The research firm said on-the books occupancy for the December to May period is just as cheerful with year-over-year occupancy currently up 10.4 percent, including double-digit increases in every month except March.

Whether the gains hold up remains to be seen, said Ralf Garrison, director of MTRiP.


“At this point, we are definitely feeling cheery about the economy as a whole and the continued strength of mountain lodging but it is still uncertain if this is a seasonal setting or the long-awaited recovery,” observed Garrison. “Either way, it is good for the ski industry and the economy as a whole,” he concluded.

 

The data is derived from a sample of 265 property management companies in 15 mountain destination communities in the western U.S, representing 24,000 rooms across Colorado, Utah, California and Oregon. The data also includes data from 11 mountain destinations in New England from 45 different properties.

 

MTRiP als reported that actual occupancy in November  was up 4.5 percent over November 2010 at particpating resorts.

 

“The mountain travel industry continues to be relatively strong as we move into the full-blown winter booking season,” said Garrison. “We’re seeing strong growth in both western and eastern regions and a nice continuation of the momentum that started building in early summer and carried into the fall booking season for many destinations,” he added.

The monthly briefing also tracks and assesses national economic indicators and their potential impact on the ski, snowboard and mountain travel industry.  For the first time in several years, the five indexes closely monitored by the MTRiP staff were described as positive.  
    
The Dow Jones Industrial Average was up at the end of November for the second consecutive month as investor fears eased on news that central banks agreed to lower interest rates for European countries.  Consumer confidence jumped 36 percent in November and the Unemployment Rate posted its second consecutive monthly drop down to 8.6 percent although the MTRiP analysts acknowledge that despite the creation of 120,000 new jobs, seasonal positions and fewer individuals seeking employment had an influence on the declining number.


“We will watch the unemployment figures closely over the coming months to track both seasonal employment and the conversion of those jobs into permanent positions,” explained Tom Foley, MTRiP’s operations director.  “These numbers impact consumer confidence which in turn influences their spending patterns, including recreational travel,” he added.

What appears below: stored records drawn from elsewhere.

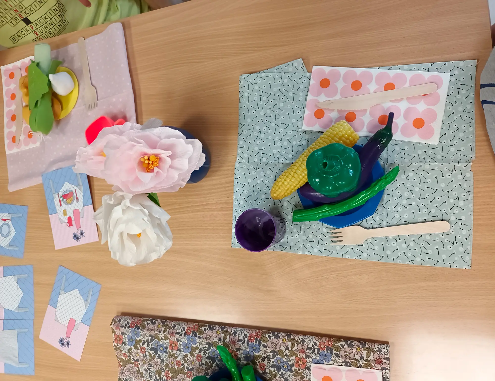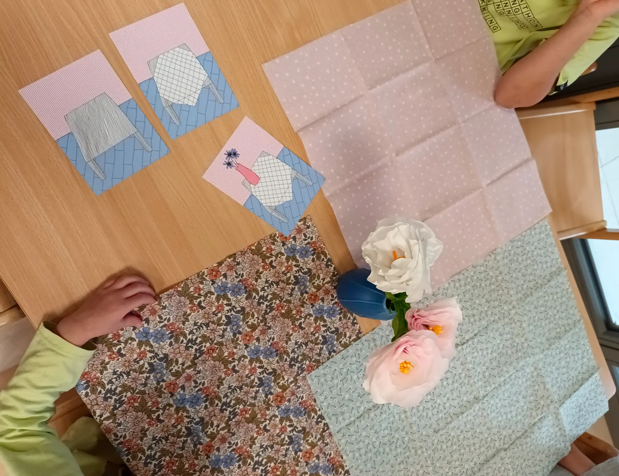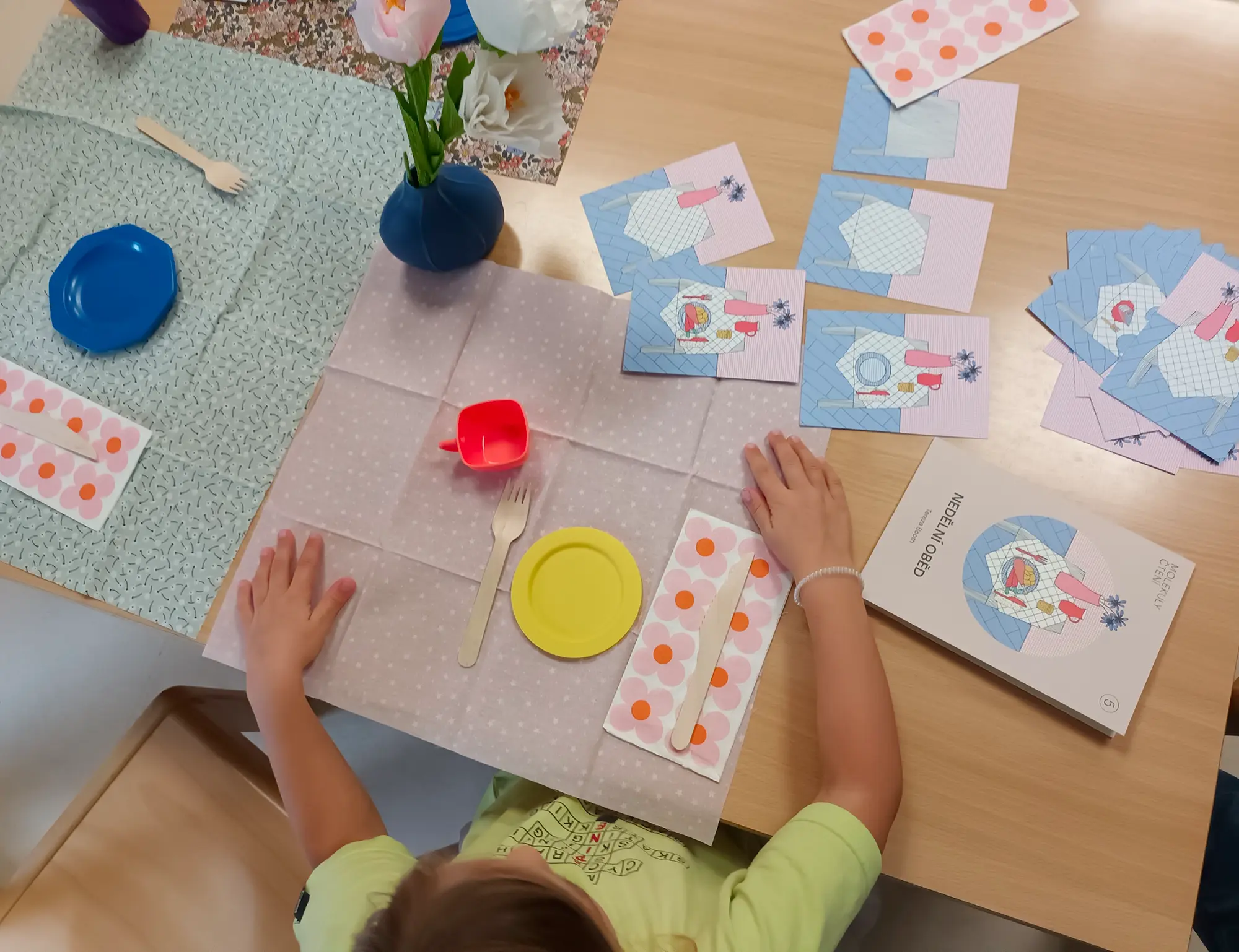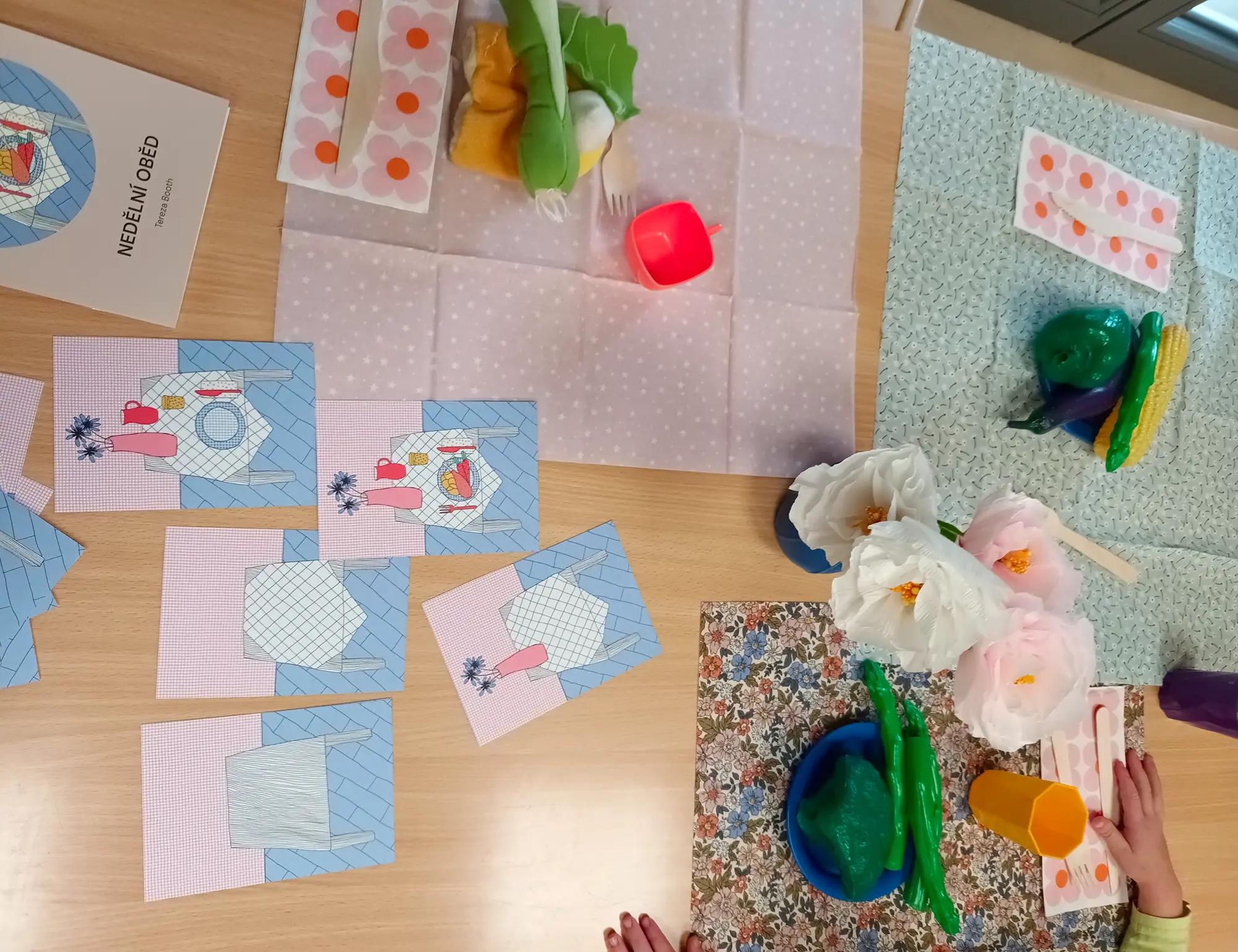 Dětem nabídneme možnost naučit se, jak správně prostřít stůl a připravit ho pro společné stolování. Na začátku si přečteme knížku Nedělní oběd, která nás zavede do atmosféry rodinného setkání u stolu. Povídáme si o tom, proč je společné jídlo s rodinou důležité, že je to chvíle, kdy si můžeme popovídat, podělit se o zážitky a být spolu. Společně se zamýšlíme nad tím, jak takové chvíle přispívají k dobré náladě a vzájemné blízkosti. Navážeme rozhovorem o etiketě stolování – jak se u stolu chováme, proč sedíme rovně, proč nemluvíme s plnými ústy, jak si předáváme jídlo a proč je hezké poděkovat. Děti přemýšlejí, jaké chování dělá stolování příjemným pro všechny a jak se takové dovednosti mohou hodit i v jejich dalším životě. Poté si společně vysvětlíme, jak správně prostřít stůl. Ukážeme si, kam položit talíř, příbory, ubrousek, sklenici a jak stůl doplnit o dekoraci. Následně si zkusíme prostřít několik stolečků, například ve skupinkách. Dětem nabídneme různé pomůcky jako jsou příbory, nádobí, prostírání, ubrousky i drobné dekorace, ze kterých si mohou vybrat a podle svého nápadu připravit stůl. Každá skupinka může vytvořit trochu jinou tabuli – slavnostní, rodinnou nebo třeba obyčejnou každodenní. Nakonec si společně projdeme všechny prostřené stoly, pozorujeme, jak se liší, co děti zaujalo na práci ostatních a jak každý stůl působí – jestli spíš slavnostně, útulně nebo jednoduše a domácky. V centru si pak děti samostatně zkouší prostírání podle vlastního nápadu nebo podle připraveného vzoru z pomůcky NEDĚLNÍ OBĚD. Děti si také mohou podle své fantazie vyrobit vlastní prostírání z papíru, látek nebo fólie.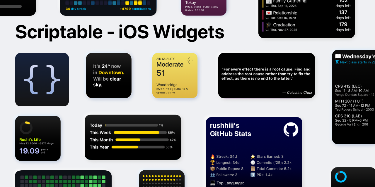Scriptable iOS Widgets is the official handbook for every widget in this repository. You will find installation steps, configuration tables, troubleshooting tips, and links back to the source code so you can confidently run each widget inside the Scriptable app.
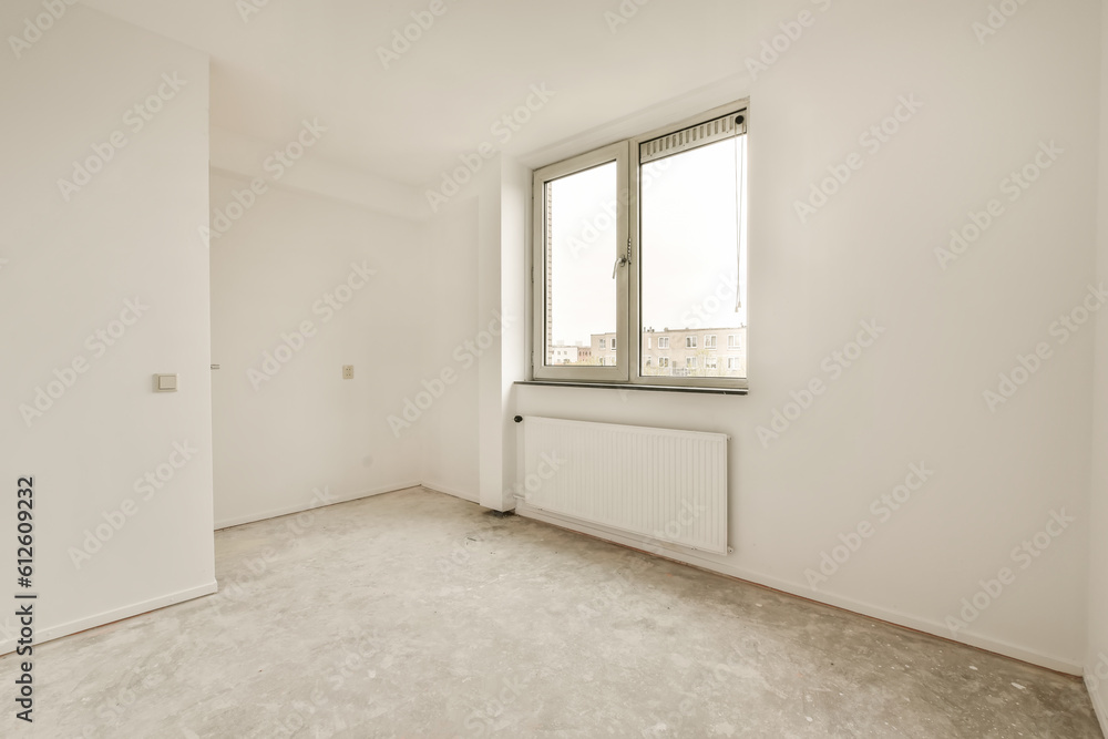 an empty room with white walls and no one wall in the room is visible on the right side of the photo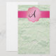 Monogram green lace stationery

The Travel Price Index, which measures the average cost of travel related expenses, dropped for the third consecutive month-down 1.7 percent in November.  Foley attributes this decline to the lower price of crude oil and fuel for air, rail and car travel.  The Consumer Price Index also declined in October for only the second time since December 2009.  “The decline in the cost of living is very timely as the economy moves into the critical holiday shopping season,” Foley added.